We followed the cairns with only a few false trails because we couldn’t decide what we were supposed to do when we came to pairs of cairns like this.

2 stone cairns on trail to stone snake

In the end, I decided that we were supposed to walk between them rather than what we’d thought at first which was that the one on the top was pointing for us to turn north. Once you hit the top of the ridge, the trail leads you east and you get a few views of the valley where we were camped. We could actually pick out Genevieve in amongst the other rigs down there.

View of Rockhouse Rd camping from trail to stone snake

After enough false turns to make us wonder if we’d ever find the thing, we came over a rise and there it was, the Stone Snake.

Stone snake near Pegleg Anza Borrego

One of the blogs posted a photo of an aerial view of it from Google Earth.

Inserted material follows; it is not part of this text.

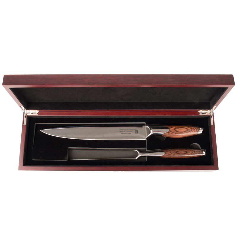 We offer custom engraving for all of our kitchen knife sets to help you stay top-of-mind. Our line of German carbon steel knives are a popular solution for client and corporate gifts as well as personal gift giving. Not sure how to care and maintain your blades? Find our knife care tips here along with instructions for honing and sharpening your blades for peak performance.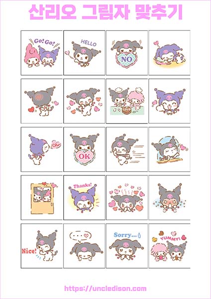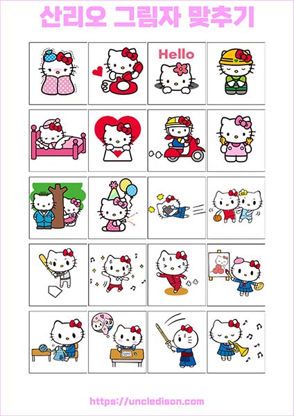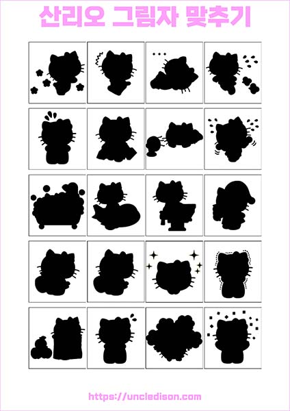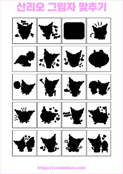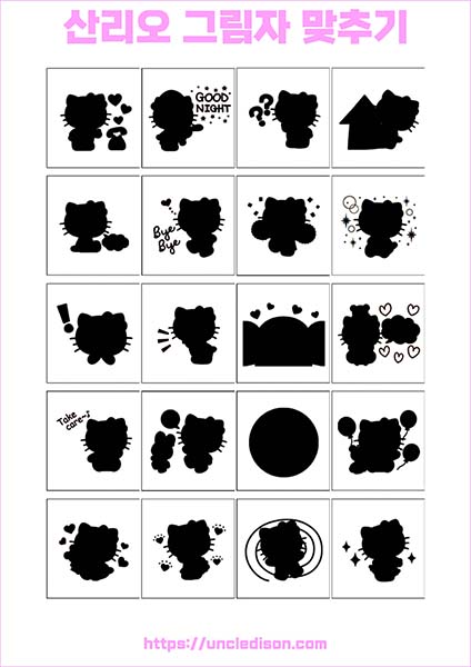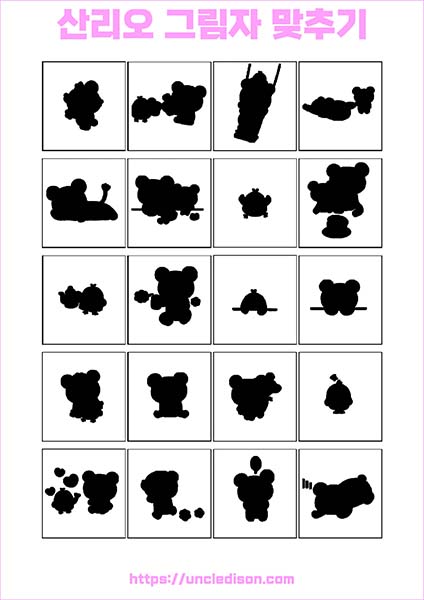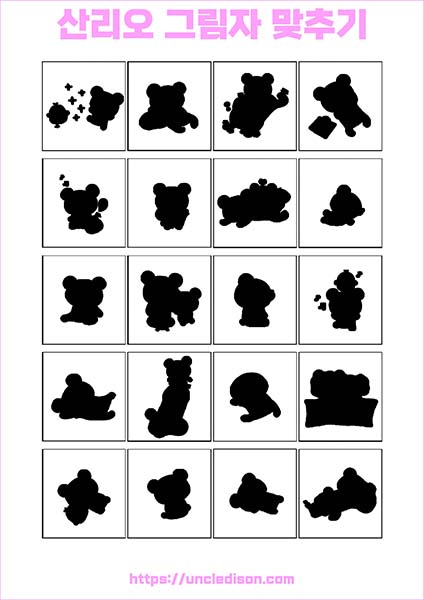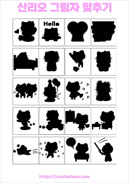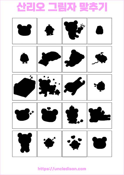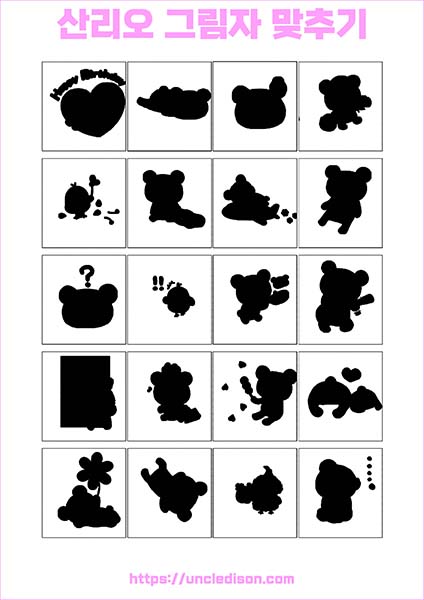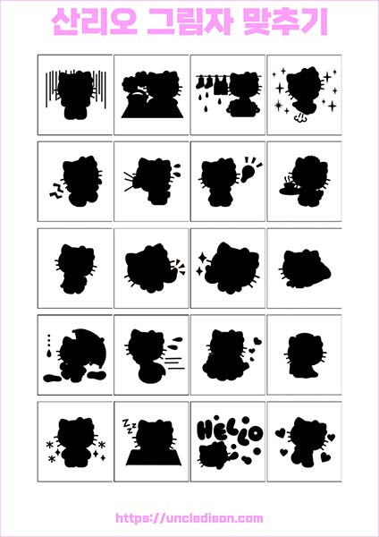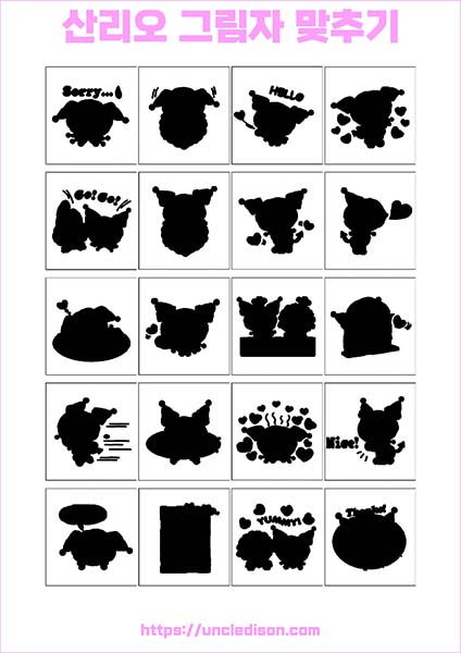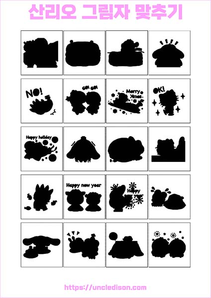 산리오 캐릭터 시나모롤 마이멜로디 쿠로미 케로피 헬로키티 폼폼푸린 리락쿠마 그림자 맞추기 퍼즐 게임 도안 놀이 프린트 무료다운 어르신 노인 유아 인지프로그램 치매예방

Great stone snake from Google Earth

While I found a good spot to photograph the beast, Walter paced it off. It’s nearly 50 feet long. We figure it would be about 150 feet long if you stretched it out.

Walter Cooke and the great stone snake Anza Borrego

It has a forked tongue and milky quartz eyes.

Head of Great Stone Snake Anza Borrego

No one knows who built it—probably an RVer staying at Pegleg years ago.

Great Stone Snake Anza Borrego

He’s a rattlesnake. You can tell from his tail.

Great Stone Snake tail Anza Borrego

He has milky quartz along his back that makes him look like a diamondback. Folks add rocks (I did too) to help him grow.

Great Stone Snake Anza Borrego

Walter had noticed an old jeep trail on our way up, so we followed it down rather than going down the steep rocky trail we’d come up by. It was a little farther but a much easier route. We wound across the desert and I spied this lovely teddy bear cholla backlit by the sun.

Teddy Bear Cholla in the sun Anza Borrego

We didn’t have much of a sunset that night or at least I wasn’t impressed enough to go out and photograph it. We were both a little tired from snake wrangling.

On Wednesday January 7th we packed up and headed south back through the Texas Dip and Ocotillo Wells on our way to Niland for a visit to Salvation Mountain and Slab City.